— SUPPLIED INFORMATION —
= Beginning of Section =
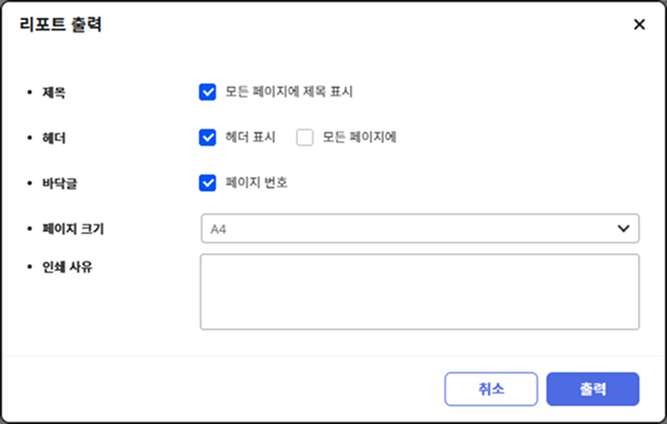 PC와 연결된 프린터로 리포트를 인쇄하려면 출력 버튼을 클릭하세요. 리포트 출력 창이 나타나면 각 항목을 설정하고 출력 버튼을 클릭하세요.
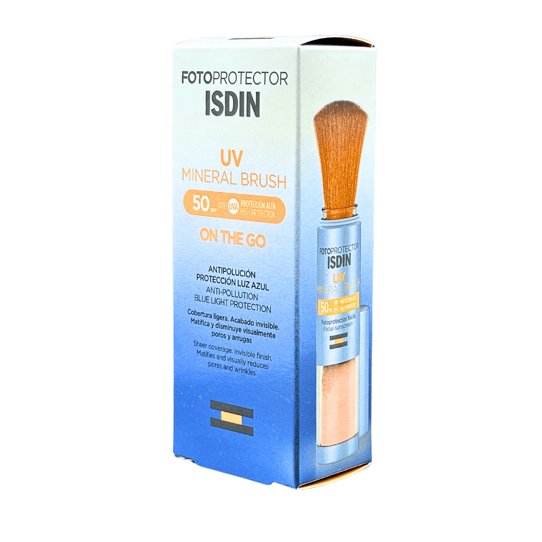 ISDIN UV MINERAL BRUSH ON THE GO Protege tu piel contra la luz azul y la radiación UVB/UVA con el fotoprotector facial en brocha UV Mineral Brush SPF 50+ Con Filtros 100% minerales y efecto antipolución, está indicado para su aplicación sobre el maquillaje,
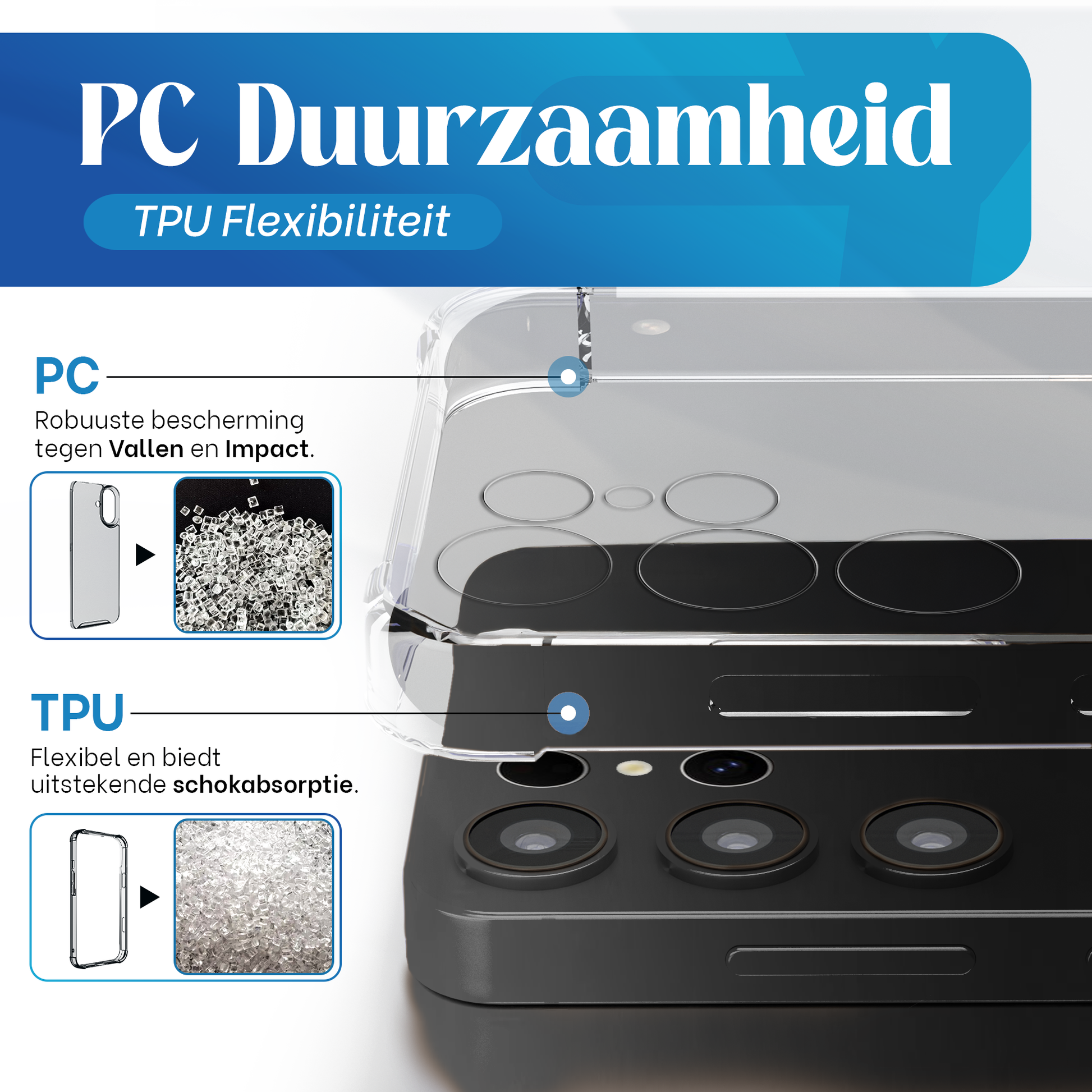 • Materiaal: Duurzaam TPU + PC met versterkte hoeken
= End of Section =
— PROBLEM REQUIREMENTS —
Return the listing unchanged, but drop every picture.

— OUTPUT BELOW —
 PC와 연결된 프린터로 리포트를 인쇄하려면 출력 버튼을 클릭하세요. 리포트 출력 창이 나타나면 각 항목을 설정하고 출력 버튼을 클릭하세요.
 ISDIN UV MINERAL BRUSH ON THE GO Protege tu piel contra la luz azul y la radiación UVB/UVA con el fotoprotector facial en brocha UV Mineral Brush SPF 50+ Con Filtros 100% minerales y efecto antipolución, está indicado para su aplicación sobre el maquillaje,
 • Materiaal: Duurzaam TPU + PC met versterkte hoeken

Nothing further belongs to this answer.